2.3.2 Besluit algemene regels ruimtelijke ordening

Kern van de Wet ruimtelijke ordening is dat alle overheden hun ruimtelijke belangen vóóraf kenbaar maken en aangeven langs welke weg zij die belangen denken te realiseren. Het rijk en provincies bemoeien zich voortaan uitsluitend met wat daadwerkelijk van nationaal respectievelijk van provinciaal belang is. Ook moeten rijk en provincies duidelijk maken of de borging van een belang gevolgen heeft voor ruimtelijke besluitvorming door provincies en gemeenten.

Het Besluit algemene regels ruimtelijke ordening (Barro) is op 22 augustus 2011 vastgesteld en heeft als doel om vanuit een concreet nationaal belang een goede ruimtelijke ordening te bevorderen. De AMvB is het inhoudelijke beleidskader van het rijk waaraan bestemmingsplannen van gemeenten moeten voldoen. Dat betekent dat de AMvB regels geeft over bestemmingen en het gebruik van gronden en zich primair richt tot de gemeente. Daarnaast kan zij aan de gemeente opdragen in de toelichting bij een bestemmingsplan bepaalde zaken uitdrukkelijk te motiveren.

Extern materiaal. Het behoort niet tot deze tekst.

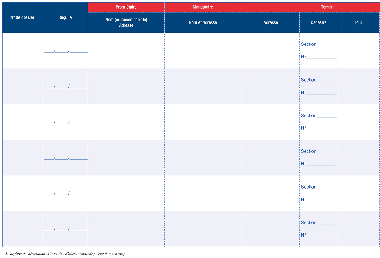 Registre des déclarations d’intention d’aliéner – droits de préemption urbains. Format 32 x 24 cm, 52 pages + 4 de couverture, reliure tissu, papier ISO 9706. Fabriqué en France.

De algemene regels bewerkstelligen dat nationale ruimtelijke belangen doorwerken tot op lokaal niveau. Inhoudelijk gaat het om nationale belangen die samenhangen met het beschermen van ruimtelijke functies, zoals natuur in de Ecologische Hoofdstructuur (EHS), of met het vrijwaren van functies.

Niet alle nationale ruimtelijke belangen staan in het Barro. Het besluit bevat alleen die nationale ruimtelijke belangen, die via het stellen van regels aan de inhoud of toelichting van bestemmingsplannen (of daarmee vergelijkbare besluiten) beschermd kunnen worden. Het gaat daarbij om de volgende belangen:

  • Rijksvaarwegen.
  • Project Mainportontwikkeling Roterdam.
  • Kustfundament.
  • Grote rivieren.
  • Waddenzee en waddengebied.
  • Defensie.
  • Hoofdwegen en landelijke spoorwegen.
  • Elektriciteitsvoorziening.
  • Buisleidingen van nationaal belang voor vervoer van gevaarlijke stoffen.
  • Ecologische hoofdstructuur (EHS).
  • Primaire waterkeringen buiten het kustfundament.
  • IJsselmeergebied (uitbreidingsruimte).
  • Erfgoederen van uitzonderlijke universele waarde.
2.3.3 Nationaal Waterplan 2009-2015

Het Nationaal Waterplan is de opvolger van de 4e Nota Waterhuishouding uit 1998 en hét rijksplan voor het waterbeleid in Nederland. Water krijgt een meer prominente rol bij de inrichting van Nederland. De beleidslijnen van de Commissie Waterbeheer 21e eeuw en het Nationaal bestuursakkoord Water, die inspelen op de verwachte klimaatsveranderingen, zijn een belangrijke impuls voor de koers van het nieuwe waterbeleid. Het hoofdthema is: Nederland, een veilige en leefbare delta, nu en in de toekomst. Belangrijke onderdelen van het Nationaal Waterplan zijn het nieuwe beleid op het gebied van waterveiligheid, het beleid voor het IJsselmeergebied, het Noordzeebeleid en de Stroomgebiedbeheerplannen op grond van de Europese Kaderrichtlijn Water. Tevens bevat het Nationaal Waterplan een eerste beleidsmatige uitwerking van de kabinetsreactie op het advies van de Deltacommissie.

2.3.4 Gevolgen nationaal beleid voor het bestemmingsplan
  • Het bestemmingsplan dient een verstedelijking van het platteland te voorkomen door in het buitengebied alleen functies toe te staan die hier aan gebonden zijn. In de dorpen Wenum en Wiesel zijn functies van meer stedelijke aard in principe mogelijk.
  • Het contrast in het plangebied van zeer open en besloten gebieden dient zoveel mogelijk te blijven bewaard dan wel te worden versterkt.
  • Het bestemmingsplan dient op gepaste wijze om te gaan met water.